Google Nexus 6 By Motorola With Android Lollipop Review
First, let’s take a look at the SunSpider JavaScript benchmark. According to the SunSpider website:
This benchmark tests the core JavaScript language only, not the DOM or other browser APIs. It is designed to compare different versions of the same browser, and different browsers to each other. Unlike many widely available JavaScript benchmarks, this test is:
Real World - This test mostly avoids microbenchmarks, and tries to focus on the kinds of actual problems developers solve with JavaScript today, and the problems they may want to tackle in the future as the language gets faster. This includes tests to generate a tagcloud from JSON input, a 3D raytracer, cryptography tests, code decompression, and many more examples.
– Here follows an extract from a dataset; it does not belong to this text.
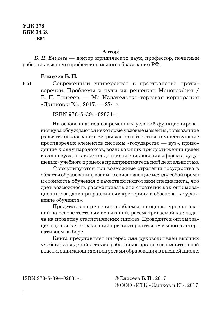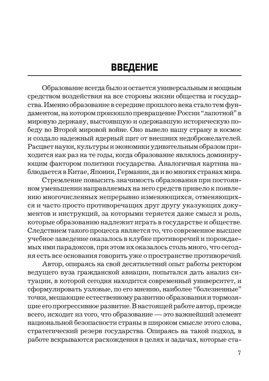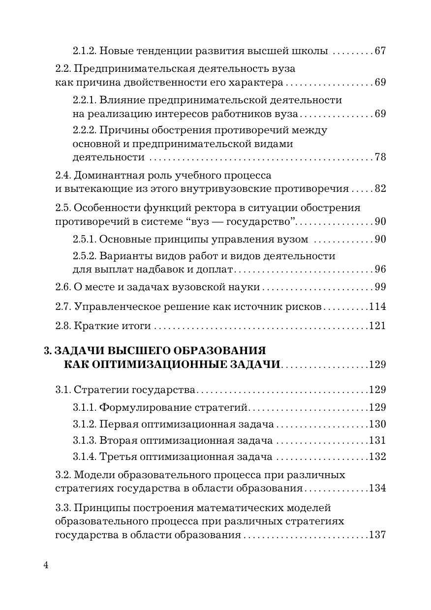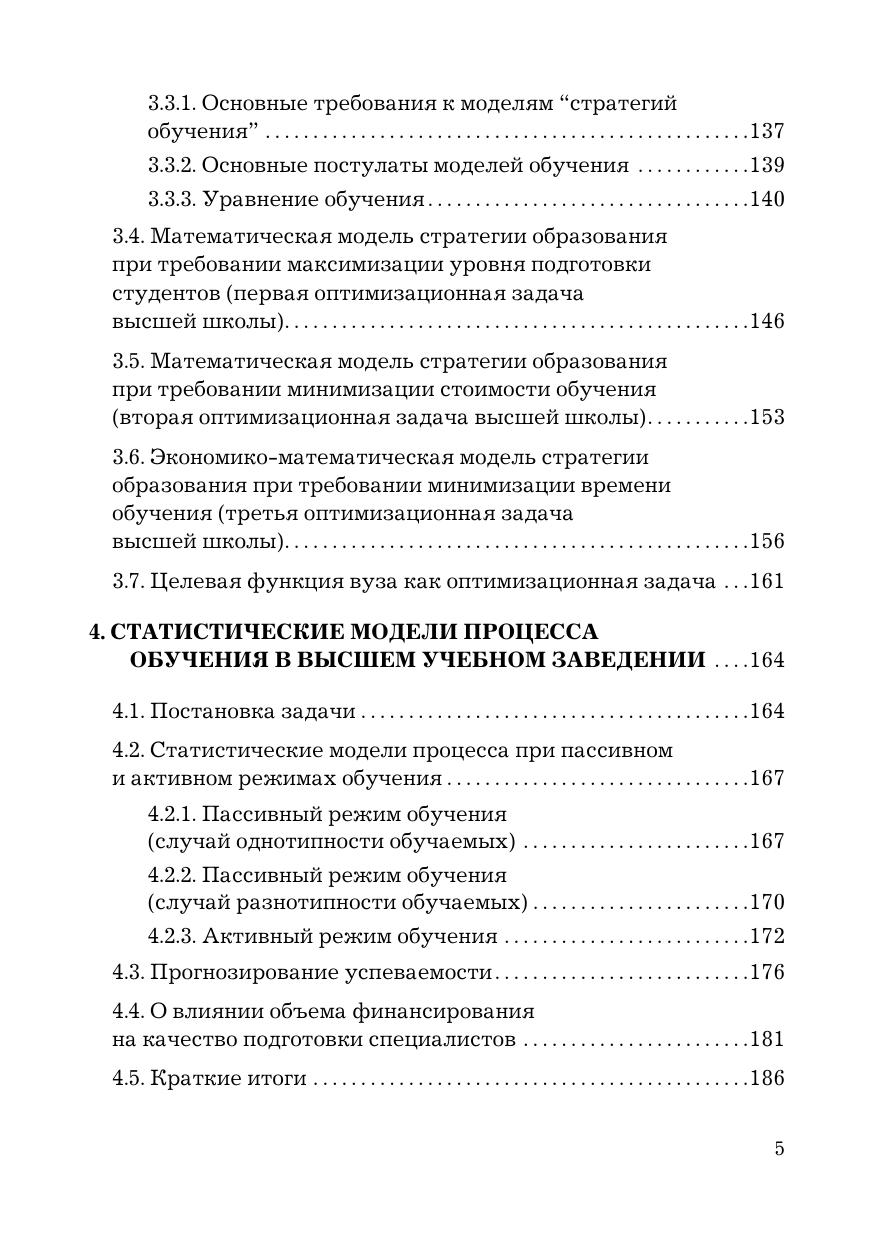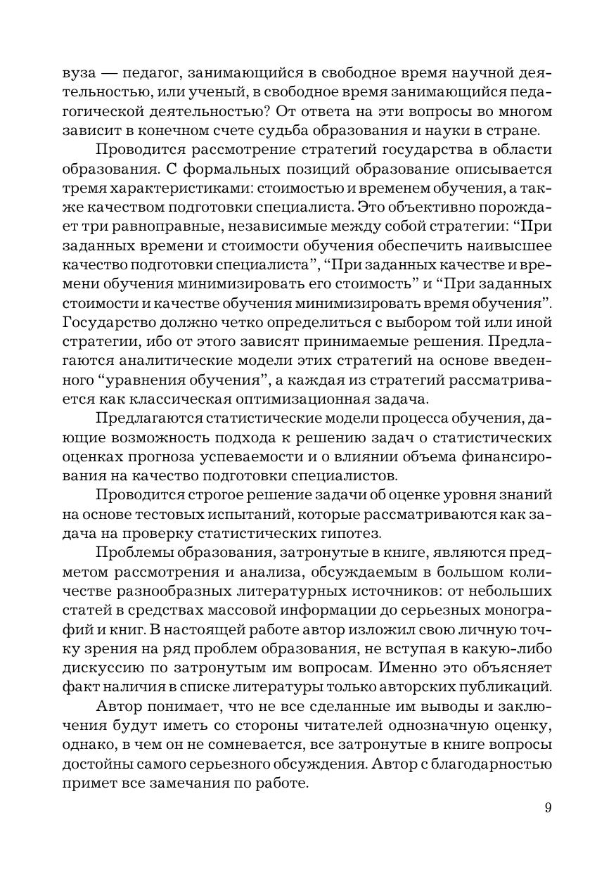На основе анализа современных условий функционирования вуза обсуждаются некоторые узловые моменты, тормозящие развитие образования. Вскрываются объективно существующие противоречия элементов системы «государство — вуз», приводящие к ряду парадоксов, возникающих при достижении целей и задач вуза, а также тенденция возникновения эффекта «удушения» учебного процесса предпринимательской деятельностью. Формулируются три возможные стратегии государства в области образования, взаимно связывающие между собой время и стоимость обучения с качеством подготовки специалиста, что дает возможность рассматривать эти стратегии как оптимизационные задачи при различных критериях и обосновать «уравнение обучения». Представлено решение проблемы по оценке уровня знаний на основе тестовых испытаний, рассматриваемой как задача на проверку статистических гипотез. Проводится оптимизация оценки качества знаний при альтернативном и многоальтернативном выборе. Книга представляет интерес для руководителей высших учебных заведений, а также работников органов исполнительной власти, занимающихся вопросами образования в высшей школе.

There are a few microbenchmarkish things, but they mostly represent real performance problems that developers have encountered.
Balanced - This test is balanced between different areas of the language and different types of code. It's not all math, all string processing, or all timing simple loops. In addition to having tests in many categories, the individual tests were balanced to take similar amounts of time on currently shipping versions of popular browsers.
Statistically Sound - One of the challenges of benchmarking is knowing how much noise you have in your measurements. This benchmark runs each test multiple times and determines an error range (technically, a 95% confidence interval). In addition, in comparison mode it tells you if you have enough data to determine if the difference is statistically significant.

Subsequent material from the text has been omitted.